** Opening Source information block **
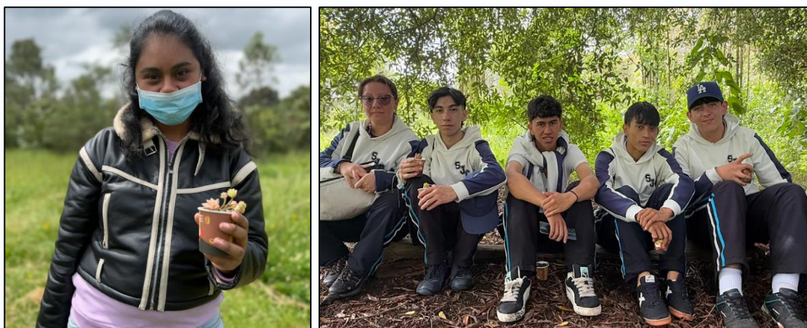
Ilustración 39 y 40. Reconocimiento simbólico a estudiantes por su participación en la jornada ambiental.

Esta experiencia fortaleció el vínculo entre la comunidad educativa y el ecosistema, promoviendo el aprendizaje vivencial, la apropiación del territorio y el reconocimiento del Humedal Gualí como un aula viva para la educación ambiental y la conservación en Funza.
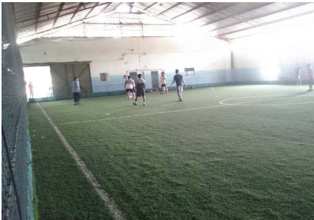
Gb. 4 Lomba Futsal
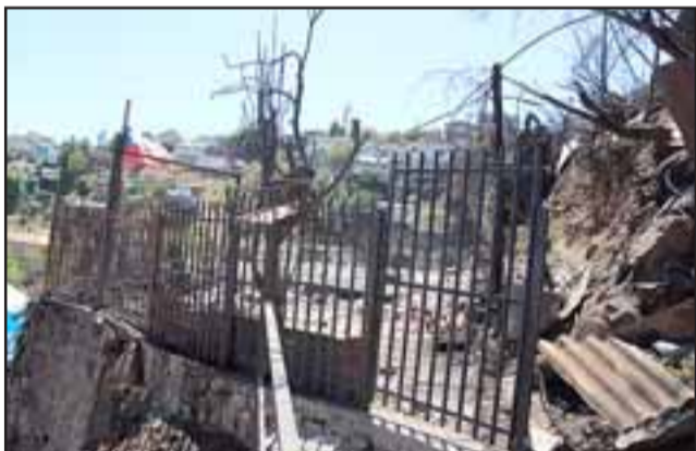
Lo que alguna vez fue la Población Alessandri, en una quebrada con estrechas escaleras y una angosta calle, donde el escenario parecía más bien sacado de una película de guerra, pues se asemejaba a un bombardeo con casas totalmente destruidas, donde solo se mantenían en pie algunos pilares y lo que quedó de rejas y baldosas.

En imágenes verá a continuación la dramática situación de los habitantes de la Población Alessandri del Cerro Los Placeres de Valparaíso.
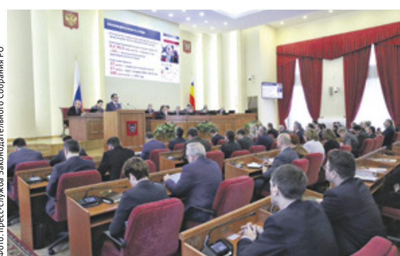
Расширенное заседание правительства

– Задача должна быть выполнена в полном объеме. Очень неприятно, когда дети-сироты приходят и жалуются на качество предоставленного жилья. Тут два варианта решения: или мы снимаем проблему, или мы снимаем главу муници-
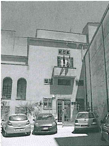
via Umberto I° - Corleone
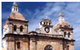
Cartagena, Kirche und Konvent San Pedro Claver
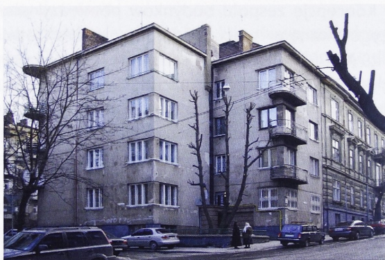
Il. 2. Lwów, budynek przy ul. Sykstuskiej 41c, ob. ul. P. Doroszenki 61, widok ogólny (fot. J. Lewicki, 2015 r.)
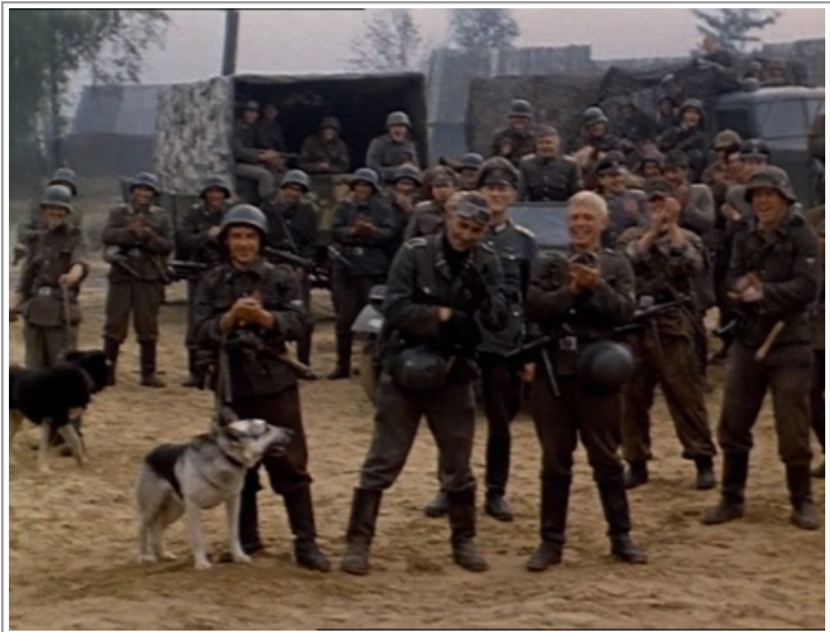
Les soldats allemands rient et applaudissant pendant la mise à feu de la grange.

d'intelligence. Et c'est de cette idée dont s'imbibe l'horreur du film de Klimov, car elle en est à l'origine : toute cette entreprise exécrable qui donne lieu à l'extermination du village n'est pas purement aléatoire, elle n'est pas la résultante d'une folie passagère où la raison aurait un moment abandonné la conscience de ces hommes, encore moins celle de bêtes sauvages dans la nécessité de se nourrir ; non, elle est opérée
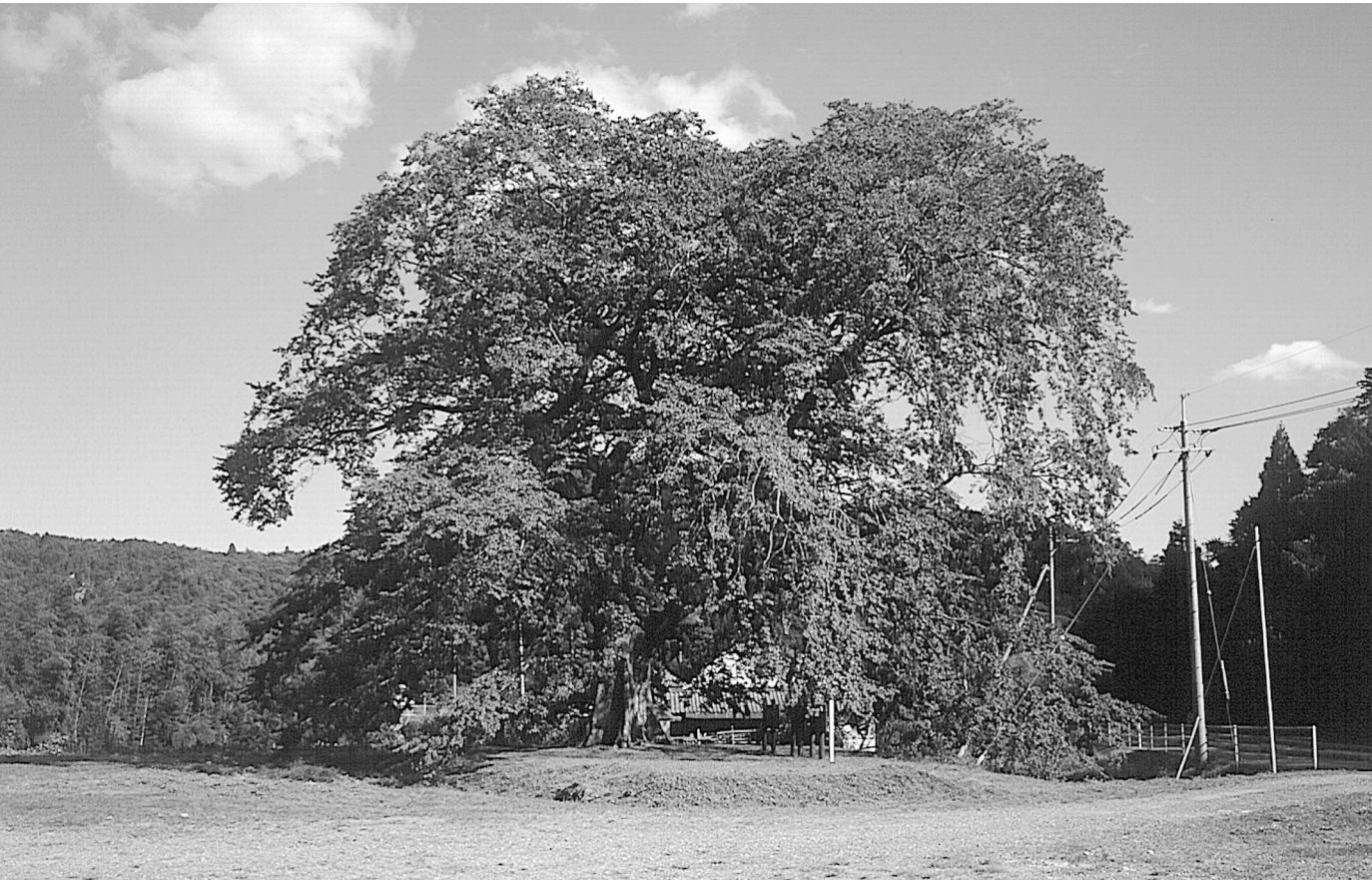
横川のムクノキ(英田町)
** Closing Source information block **
What the exercise asks: With the pictures removed, print only the lines starting at the line that has "Esta experiencia fortaleció" and ending at the line that has "Les soldats allemands", both ends included, exactly as they stand above.

Task result:
Esta experiencia fortaleció el vínculo entre la comunidad educativa y el ecosistema, promoviendo el aprendizaje vivencial, la apropiación del territorio y el reconocimiento del Humedal Gualí como un aula viva para la educación ambiental y la conservación en Funza.
Gb. 4 Lomba Futsal
Lo que alguna vez fue la Población Alessandri, en una quebrada con estrechas escaleras y una angosta calle, donde el escenario parecía más bien sacado de una película de guerra, pues se asemejaba a un bombardeo con casas totalmente destruidas, donde solo se mantenían en pie algunos pilares y lo que quedó de rejas y baldosas.

En imágenes verá a continuación la dramática situación de los habitantes de la Población Alessandri del Cerro Los Placeres de Valparaíso.
Расширенное заседание правительства

– Задача должна быть выполнена в полном объеме. Очень неприятно, когда дети-сироты приходят и жалуются на качество предоставленного жилья. Тут два варианта решения: или мы снимаем проблему, или мы снимаем главу муници-
via Umberto I° - Corleone
Cartagena, Kirche und Konvent San Pedro Claver
Il. 2. Lwów, budynek przy ul. Sykstuskiej 41c, ob. ul. P. Doroszenki 61, widok ogólny (fot. J. Lewicki, 2015 r.)
Les soldats allemands rient et applaudissant pendant la mise à feu de la grange.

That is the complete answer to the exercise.